The goggly eyes drifted. “You... you missed?”
York grinned at him. “Really? You know my reputation. Do you really think Caleb York would miss at such close range?”
A thought worked to form, then, “You winged me on... on purpose?”
“I did.”
Trammel shook his head. “What for, Sheriff? I’da killed me in your place. It ain’t like you ain’t a killer yourself.
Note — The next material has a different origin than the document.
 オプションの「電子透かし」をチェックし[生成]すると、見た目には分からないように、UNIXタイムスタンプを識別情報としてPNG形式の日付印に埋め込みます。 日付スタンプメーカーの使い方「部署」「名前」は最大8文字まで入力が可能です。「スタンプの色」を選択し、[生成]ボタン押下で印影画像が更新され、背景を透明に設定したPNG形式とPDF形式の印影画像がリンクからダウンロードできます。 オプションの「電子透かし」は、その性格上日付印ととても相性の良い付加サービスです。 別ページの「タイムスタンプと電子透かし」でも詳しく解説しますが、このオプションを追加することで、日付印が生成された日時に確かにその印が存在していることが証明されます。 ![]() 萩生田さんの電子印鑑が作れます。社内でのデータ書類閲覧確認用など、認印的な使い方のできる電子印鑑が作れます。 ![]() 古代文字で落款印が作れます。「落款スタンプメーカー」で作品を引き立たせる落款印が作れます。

The Preacherman said you was one right dangerous son of a... buck.”
York shrugged. “Maybe I wanted you alive.”
Trammel made a face. “Why would you want a no-good drifter like me to keep breathin’?”
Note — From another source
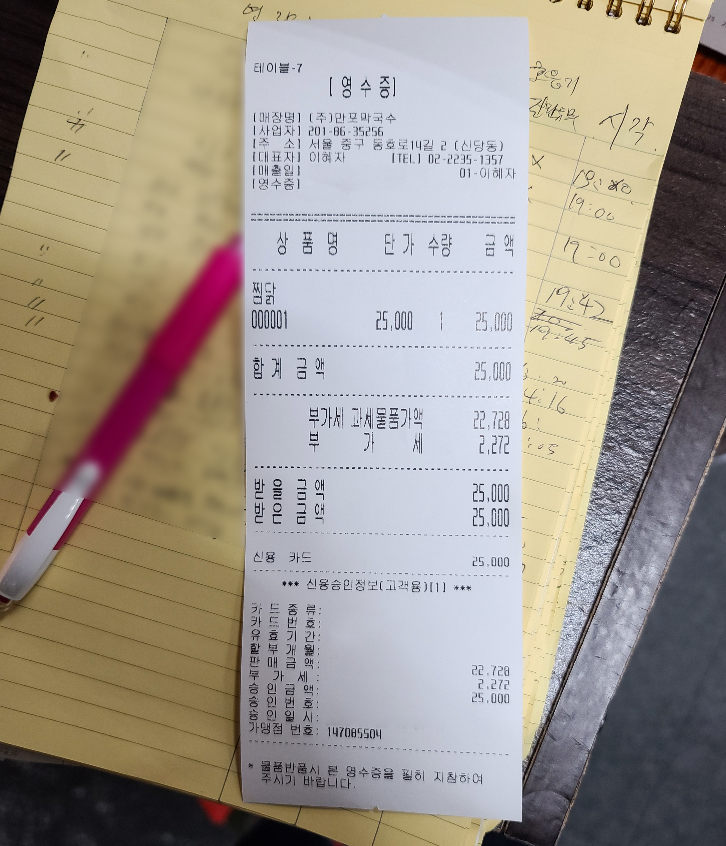 이 날 괜찮은 찜닭 맛집을 알게 되어 맛있게 식사하고 나왔습니다. 나중에 어르신 모시고 다시 방문해도 좋을 것 같은 가게였고요. 총금액은 25,000원이 나왔습니다. 만두도 맛있을 것 같았는데... 나중에 방문하거든 만두는 꼭 메뉴에 넣어서 먹어봐야겠습니다. 깔끔 담백한 이북식 찜닭을 맛보기 원하시는 분께 꼭 한번 들러보시라 추천해드리고 싶은 가게이고요. 정말 맛있게 식사한 가게였답니다.

“Possibly to answer a question or two.”
The prisoner’s big eyes went half lidded, like a stage curtain that couldn’t come all the way down.
York went on. “Possibly, I might trade you your freedom for some answers.”
The curtains on the eyes came down farther, leaving only a pair of skeptical slits. “I’m listenin’.”
“Good. Because I’m asking. Who was your target in town?”
Trammel’s lips flapped with escaping air. “You know the answer to that one already, Sheriff. You was! But not no more. With the Preacherman gone, I sure as hell ain’t gonna go up against you.”
“Not even bushwhacking me from around a building or crouched down in back of a barrel?”
“No, sir! You let me go, I’m gone. Nothing left but my dust.”
York nodded thoughtfully. “Okay, then. Last question. Who hired the Preacherman? Who wants me dead?”
The prisoner swallowed. “That kinda sounds like two questions.”